We take advantage of and use the intense atomic emission available in high-energy electrical plasma, as the "self-tuned" radiation source for high-resolution molecular excitation.      


Single Molecule & Single Nano-particle Spectroscopy and Detection

We employ three systems:

        Levitating-Microdroplet -- a microdroplet, typically 10 micrometer in diameter, is electrodynamically suspended in mid-air. The single molecules or nano-particles in the droplet are laser-excited for detection and analysis.

        Nano-stream -- a slow-flowing narrow stream, typically of 3 micrometer in diameter, is electrically generated with a high voltage. The single molecules or nano-particles in the probe -volume is laser-excited for detection.

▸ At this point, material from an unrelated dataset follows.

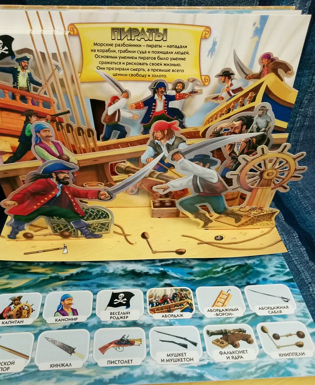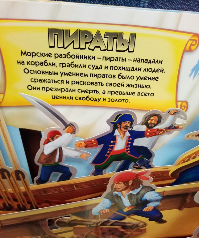 Музыкальное сопровождение включается при открытии странички с панорамкой. Раздается боевой крич и звук мечей, например, при открытии пиратов слышим йо хо хо и лязг шпаг) Нам это книга , конечно, на вырост, но сыну моему пираты уже приглянулись, книжку, бедную, замучил, открывать закрывать, и бегает по квартире с победным кличем йохохо) дочка, услышав это, спросила, вы что там, остров сокровищ смотрите) так что звук дает возможность погрузиться в тему)

        Droplets-mist – a mist of droplets, having an average droplet-diameter of 3 nm is generated with a glass-frit disk. Each droplet contains single molecules and the cloud of droplets provides a high fluorescence emission for detection.


Polymer Brush Synthesis

We wish to make and characterize a DNA-brush on glass substrate. When long-chain polymers are very close, with one end stick on substrate, they stand straight up in the z-orientation, resembling a "brush".


Nano-Particle Photonics

We synthesize dry single polymer molecules and single quantum (dots, rods, tubes, wires) particles in the z-orientation, on glass substrate. The photonic properties of these solid particles have shown much improvement over those in solution or in other orientations.


Fast Nanoparticles Synthesis

We employ a mini graphite cup furnace for generating metal-oxide nanoparticles within one minute. A few milligrams of a metal powder are deposited in the graphite cup which is electrically heated to ~1000 degree for 10 seconds. The condensed vapor collected reveal nanoparticles in the shape of nanowire.